Ein neues Jahr wird brutal eingeläutet
Wertung: 8/10
Genre: Rap, Hardcore
Spielzeit: 13:04
Release: 05.01.2018
Label: Bleeding Nose Records

Okay, erstes Review 2018. Das sollte schon was Besonderes sein. Da passt die Cover-EP der Mannheimer Assis The Butcher Sisters doch wie Arsch auf Eimer: vier Songs, viermal voll auf die Fresse, viermal Kontrollverlust zwischen Rap, Hardcore und Mannheimer Schnauze. Mit dabei – und da werden sich jetzt einigen Metalheads die Fußnägel hochrollen – sind unter anderem Tracks von K.I.Z. und Haftbefehl. Muss man mögen, keine Frage, klingt im TBS-Gewand aber ziemlich geil.

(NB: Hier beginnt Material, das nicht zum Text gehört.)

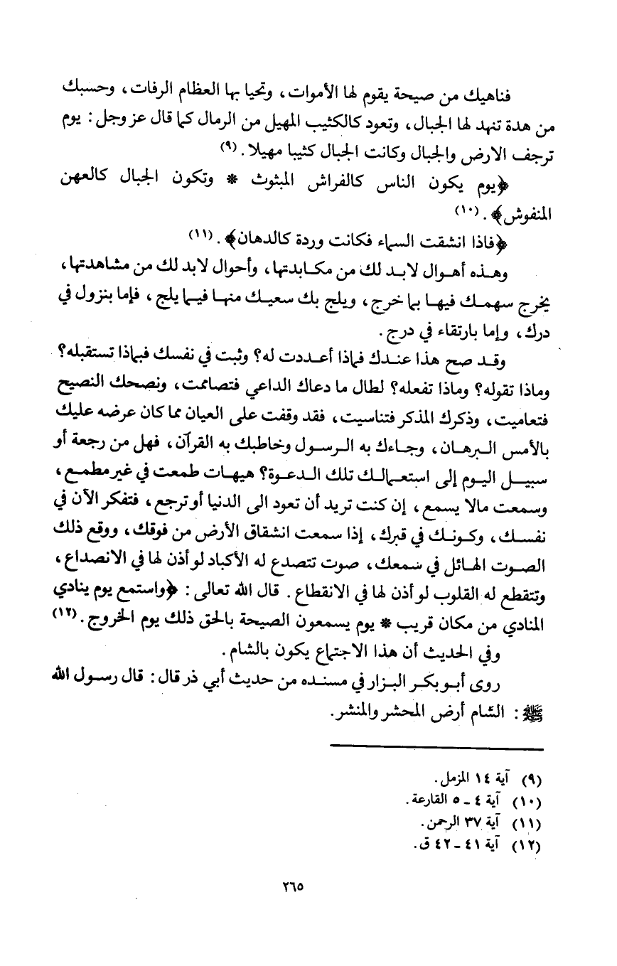 فناهيك من صَيْحَة يقوم لَهَا الاموات وتحيا بهَا الْعِظَام الرفات وحسبك من هدة تنهد لَهَا الْجبَال وتعود كالكثيب المهيل من الرمال كَمَا قَالَ عز وَجل {يَوْم ترجف الأَرْض وَالْجِبَال وَكَانَت الْجبَال كثيبا مهيلا} {يَوْم يكون النَّاس كالفراش المبثوث وَتَكون الْجبَال كالعهن المنفوش}
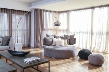 En el family se armó un comedor diario y espacio de trabajo con una mesa Tulip de Saarinen (Manifesto), sillas Eames (Deco Design) y un centro de mesa de cerámica blanco (Amma). Una lámpara colgante (Disegno 3) completa el cuadro. Las cortinas de gasa traslúcida (géneros de Compañía de Comercio y diseño de Abax Decoraciones) completan el ambiente, en el que el único color lo da el piso de parquet de madera (Golf).
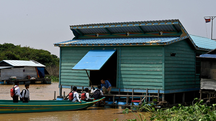 Жители Камбоджи, около 3 миллионов человек, живут на воде рек Меконг и Тонлесап, где строят дома и школы на сваях

Dass man The Butcher Sisters gut dosiert konsumieren muss, ist spätestens seit dem Full-Length-Album „Respekt Und Robustheit“ klar, dass auf die Dauer nicht nur die Synapsen verknotet, sondern auch das körpereigene Gesamtniveau gefährlich senkt. Dass die Jungs auch covern können, war aber irgendwie schon von vornerein klar.

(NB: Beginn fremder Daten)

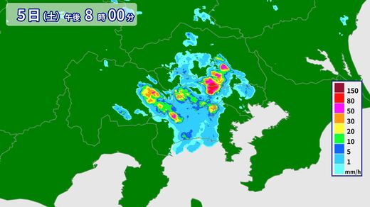 7月5日は、最高気温が東京34.4℃、さいたま34.3℃など、日中は晴れて厳しい暑さでした。ところが、夜は雨雲が発達して局地的に猛烈な雨が降り、埼玉県に「記録的短時間大雨情報」が発表されました。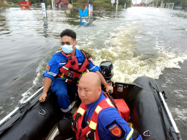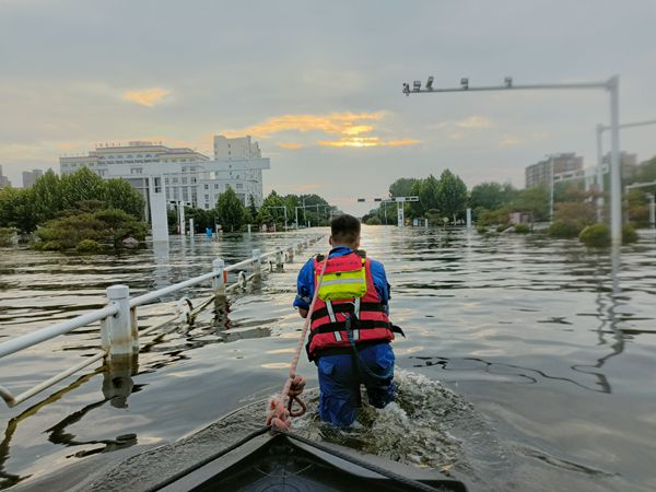 7月21日,我们第一站去的是郑州中哞县,主要任务负责转移酒店、医院和学校里的被困人员,同时完成现场搜救任务。作为先行“探路者”,早晨五点多我和几名队员率先到达,里面的路都是我们蹚出来的,没水的地方我们抬着船走,水浅的地方我们拽着船走,到了水没过腰的地方船才能开起来。从我们开始抬船到能开船的地方大约有五公里左右,我们几个人就这样泡在水里蹚了一个多小时,边走边摸路……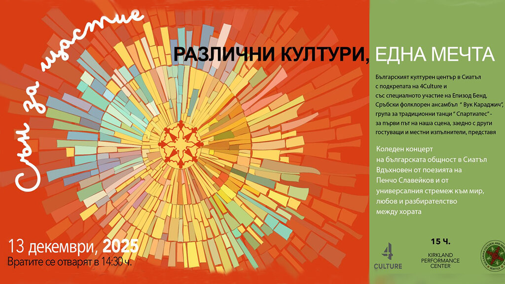 Българският културен център в Сиатъл, с подкрепата на 4Culture, кани за Коледен концерт на българската общност в града. Събитието е наречено "Различни култури, една мечта" и е вдъхновено от поезията на Пенчо Славейков и от универсалния стремеж към мир, любов и разбирателство между хората.

Angefangen wird hier mal ganz entspannt mit dem Toni D.-Song „Hundert Metaz“, bei dem man sich weder über Rechtschreibung noch Grammatik echauffieren darf – die Möglichkeit hat man auch gar nicht, weil das Sextett den Hörer sofort an die Wand nagelt, Rapper Alex und Schreibolzen Matsches direkt von beiden Seiten den Angriff starten und die breiten Gitarrenwände eine ordentliche Basis hinzimmern, aus der es so schnell kein Entrinnen gibt.

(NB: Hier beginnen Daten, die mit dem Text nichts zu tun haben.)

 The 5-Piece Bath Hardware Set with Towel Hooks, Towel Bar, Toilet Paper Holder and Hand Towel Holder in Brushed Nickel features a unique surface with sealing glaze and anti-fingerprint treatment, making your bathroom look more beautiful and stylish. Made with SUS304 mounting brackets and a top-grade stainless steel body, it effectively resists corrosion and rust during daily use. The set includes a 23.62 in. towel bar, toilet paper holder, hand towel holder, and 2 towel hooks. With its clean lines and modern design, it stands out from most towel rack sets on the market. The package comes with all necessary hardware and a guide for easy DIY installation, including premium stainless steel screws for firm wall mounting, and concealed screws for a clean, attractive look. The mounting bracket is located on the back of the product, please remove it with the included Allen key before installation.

„Ellenbogengesellschaft (Pogen)“ von K.I.Z. groovt dann deutlich mehr und wird sicherlich dank des „Ihr sollt pogen!“-Aufschreis ein neuer Live-Smasher werden, bei dem Zähne und Knochen nur ungern an Ort und Stelle bleiben werden. Zeilen wie „Ohja Baby, piss mich voll wie einen Schwangerschaftstest“ hätten dann auch gut und gerne aus der Feder von TBS selbst stammen können – das Niveau sinkt, aber es hat Spaß dabei.

„Ich rolle mit meim Besten“, im Original eine Kollaboration zwischen Haftbefehl und Marteria, wurde von den Mannheimern bereits im Herbst 2016 neu eingeprügelt, und schlägt so ziemlich in dieselbe Kerbe wie die ersten beiden Tracks; die Tempowechsel sorgen für einen Hauch weniger Aggression und zumindest einige kleine Verschnaufpausen. Gerade „Ich hab Polizei“ fällt dann qualitätsmäßig ein bisschen hinten runter, aber mit den beiden starken Opener kann man es auch nur schwer aufnehmen.

The Butcher Sisters sind sich nicht zu schade, den aufgeführten Rappern ordentliches Tribut zu zollen – ganz ohne Verarsche, wie es bei genrefremden Metalcovern ja gerne mal unterschwellig mitschwingt, sondern durch und durch gut hörbar. Da können sich die Gecoverten eigentlich nur freuen, wird doch sicherlich nochmal das Interesse angeregt. Und 2018 gleich standesgemäß brutal eingeläutet.